Top of Entries shown

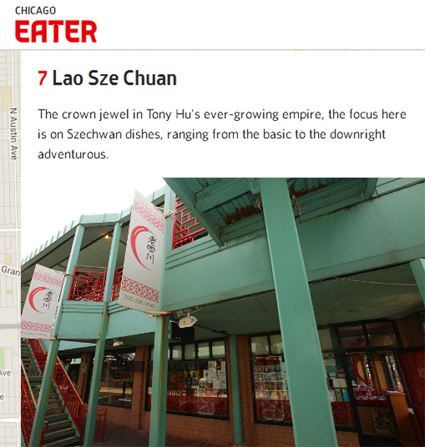 芝加哥经典权威美食杂志Chicago Eater从成千上万家各类餐厅中精选出38家必去餐厅,老四川荣幸上榜,并且名列第七,成为唯一上榜中餐厅!
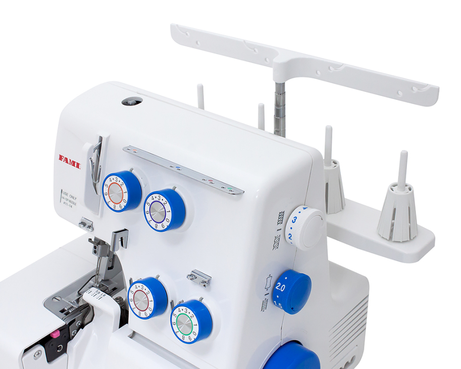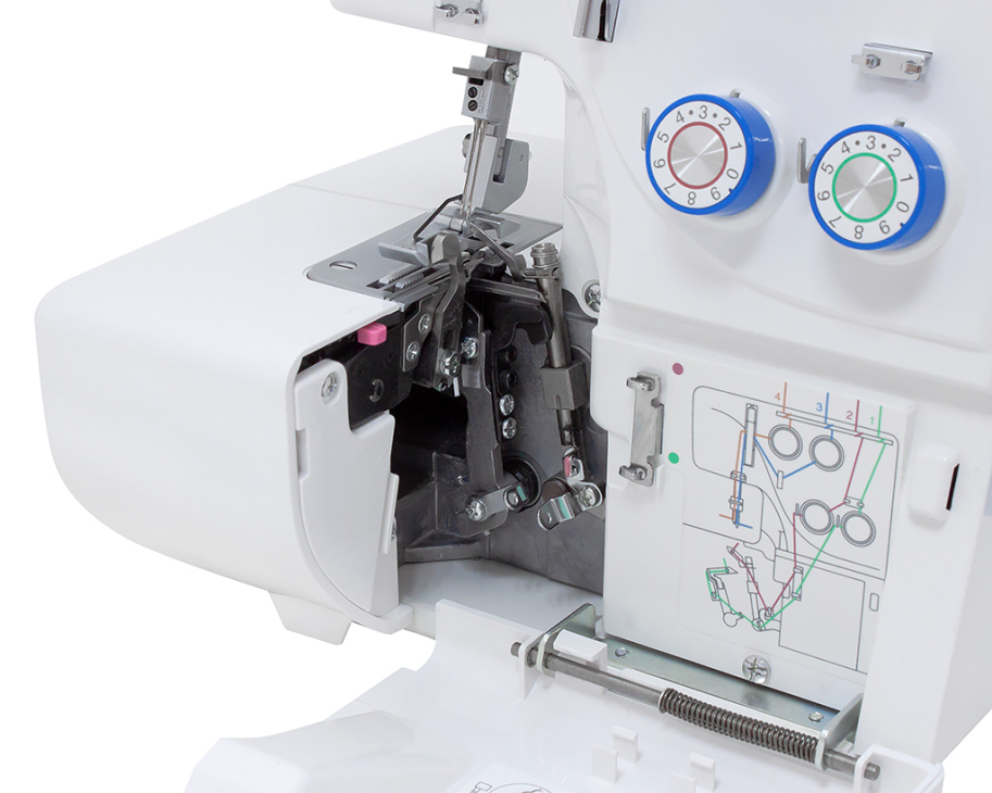 На передній панелі оверлок Family 244D має регулятори для налаштування натягу ниток. Ззаду встановлені тримачі для котушок, від яких нитки проникають через ниткодівачі і проходять до швейних механізмів. На панелі зображено схему, яка є підказкою при заправці.
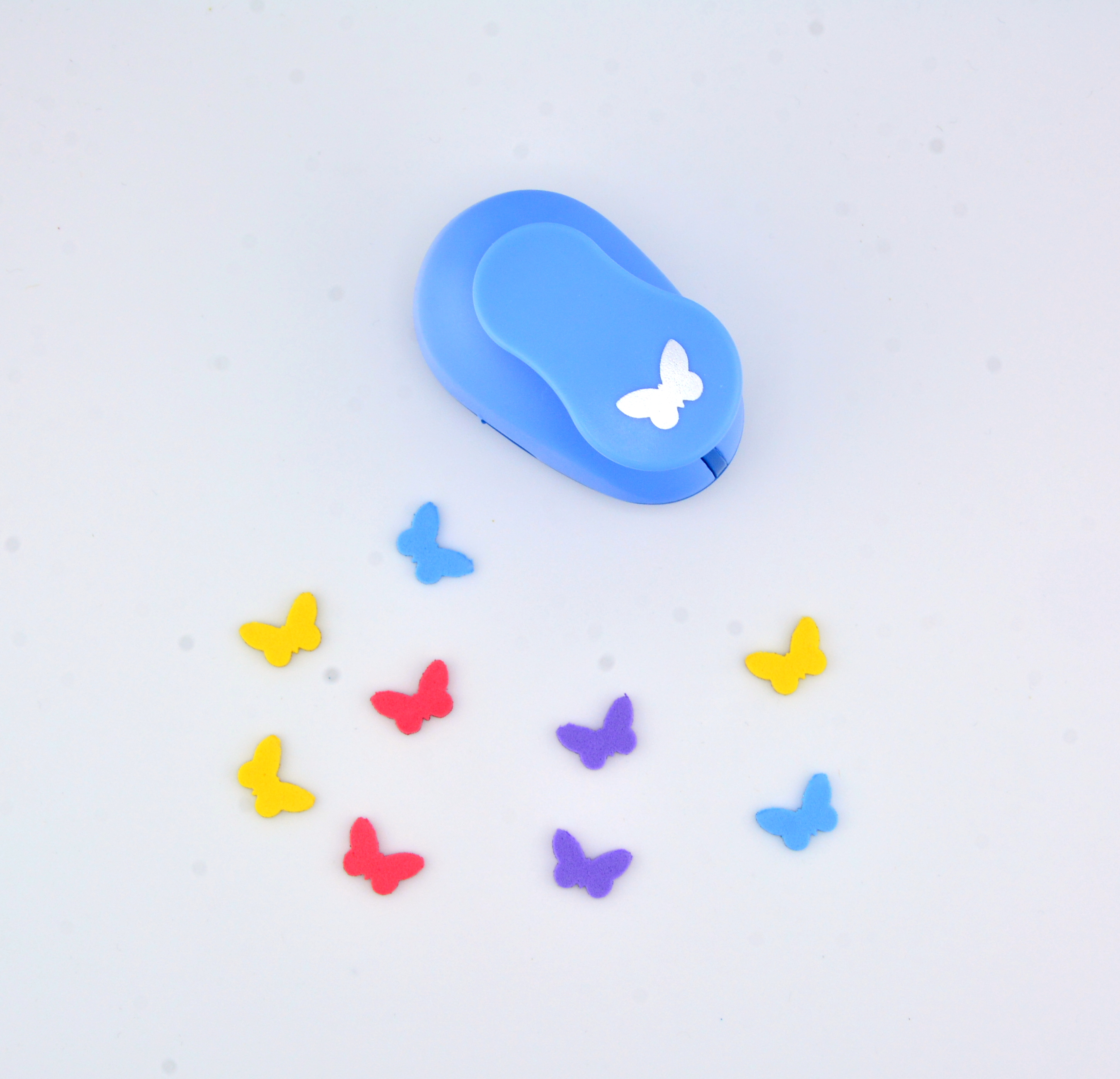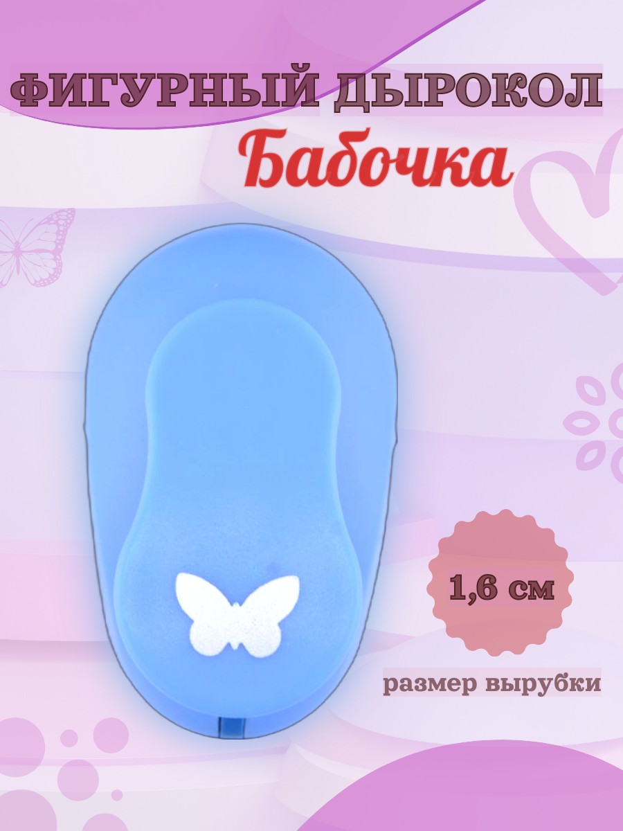 Фигурный дырокол 1.6 см Бабочка - это классический инструмент, выбивающий рисунок размером 1.6 см. Применяется в скрапбукинге для создания декоративных элементов, декорирования открыток, обложек, стикеров и т.д., а также для вырубания конфетти. Эргономичная форма и мягкий ход дырокола делают работу с ним легкой и приятной. Дырокол можно использовать при работе с фоамираном толщиной до 2 мм. Не подходит для фетра, ткани и других рыхлых ворсистых материалов. Не рекомендуется использовать дырокол для работы с бумагой плотностью более 220 г/м². Не используйте дырокол с бумагой малой плотности. Не подходит для рыхлой бумаги (офисной, акварельной и др.).
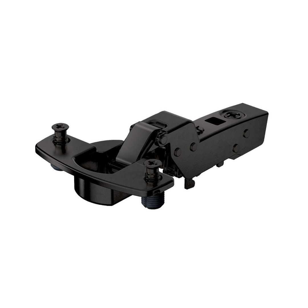 Hettich Sensys Dicktürscharnier, Türdicke bis 32 mm, mit integrierter Dämpfung (Sensys 8631i), in obsidianschwarz, einliegend, Öffnungswinkel 95°, TH-Bohrbild 52 x 5,5 mm, mit Spreizmuffen (ø 10 x 11)
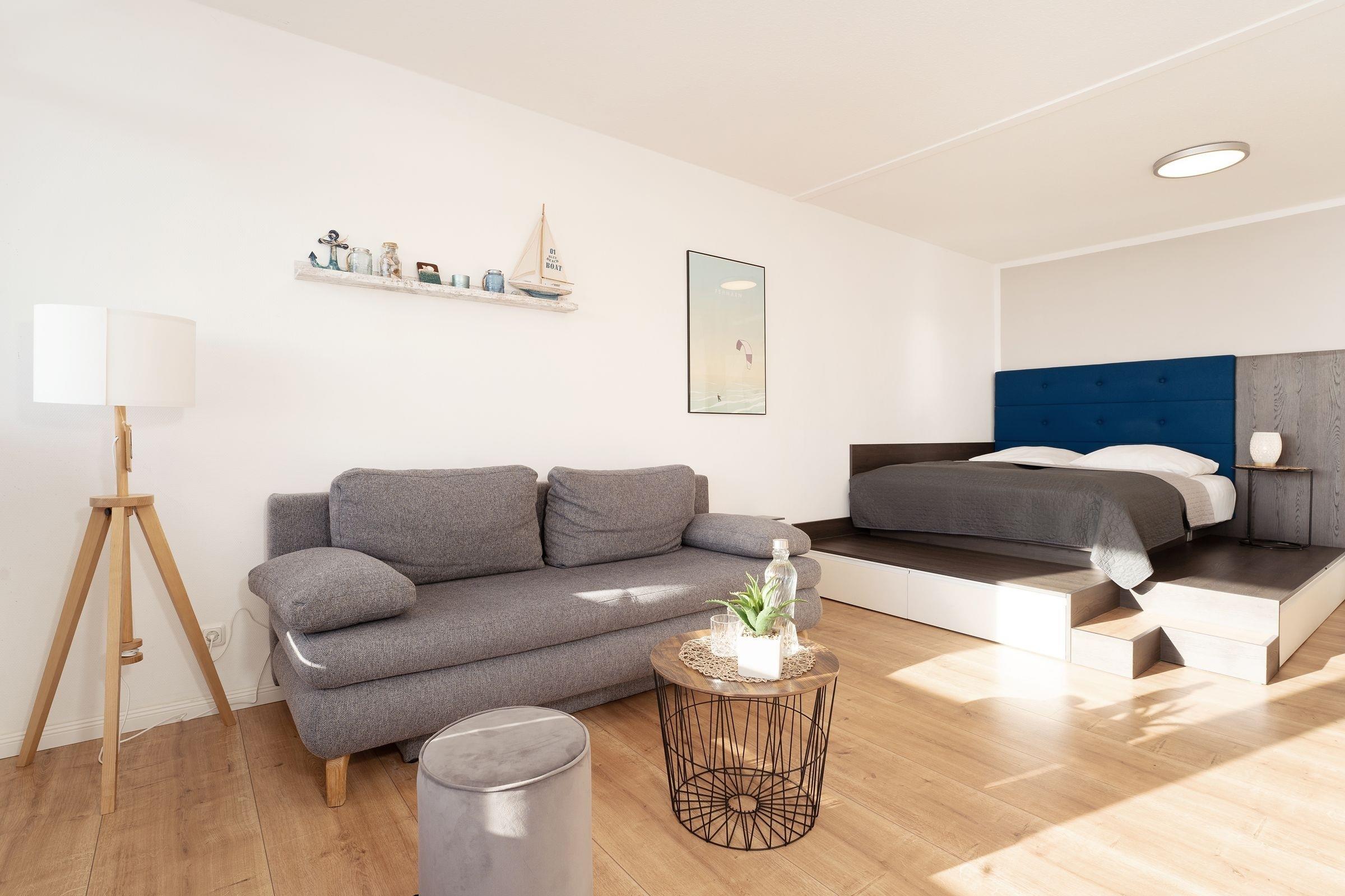 Die zauberhafte Wohnung bietet Ihnen ein gemütliches Wohnschlafzimmer mit komfortablen Doppelbett und einer gemütlichen Schlafcouch. Hier können Sie sich nach einem ereignisreichen Tag perfekt erholen. Ein Highlight ist der schöne möblierte Balkon, von dem aus Sie das Meer überblicken können. Genießen Sie die gesunde Meeresbrise und tauchen Sie in die pure Entspannung ab. Die gut ausgestattete Küche bietet Ihnen alles, was Sie für die Zubereitung Ihrer Lieblingsspeisen benötigen. Ein kleines aber feines Bad rundet die Wohnung ab. Nur wenige Schritte von der Ferienwohnung entfernt befindet sich der Yachthafen, von dem aus Sie zahlreiche Cafés, Restaurants, Bars und Spielplätze entlang der Strandpromenade erreichen können. Genießen Sie kulinarische Köstlichkeiten und lassen Sie sich von der lebendigen Atmosphäre des Ortes verzaubern.

Bottom of Entries shown

■ **Brief**:
Give the lines again word for word, from the start of the records to the line holding "Hettich Sensys Dicktürscharnier, Türdicke", both included, and leave out any picture.

■ **The completed task**:
 芝加哥经典权威美食杂志Chicago Eater从成千上万家各类餐厅中精选出38家必去餐厅,老四川荣幸上榜,并且名列第七,成为唯一上榜中餐厅!
 На передній панелі оверлок Family 244D має регулятори для налаштування натягу ниток. Ззаду встановлені тримачі для котушок, від яких нитки проникають через ниткодівачі і проходять до швейних механізмів. На панелі зображено схему, яка є підказкою при заправці.
 Фигурный дырокол 1.6 см Бабочка - это классический инструмент, выбивающий рисунок размером 1.6 см. Применяется в скрапбукинге для создания декоративных элементов, декорирования открыток, обложек, стикеров и т.д., а также для вырубания конфетти. Эргономичная форма и мягкий ход дырокола делают работу с ним легкой и приятной. Дырокол можно использовать при работе с фоамираном толщиной до 2 мм. Не подходит для фетра, ткани и других рыхлых ворсистых материалов. Не рекомендуется использовать дырокол для работы с бумагой плотностью более 220 г/м². Не используйте дырокол с бумагой малой плотности. Не подходит для рыхлой бумаги (офисной, акварельной и др.).
 Hettich Sensys Dicktürscharnier, Türdicke bis 32 mm, mit integrierter Dämpfung (Sensys 8631i), in obsidianschwarz, einliegend, Öffnungswinkel 95°, TH-Bohrbild 52 x 5,5 mm, mit Spreizmuffen (ø 10 x 11)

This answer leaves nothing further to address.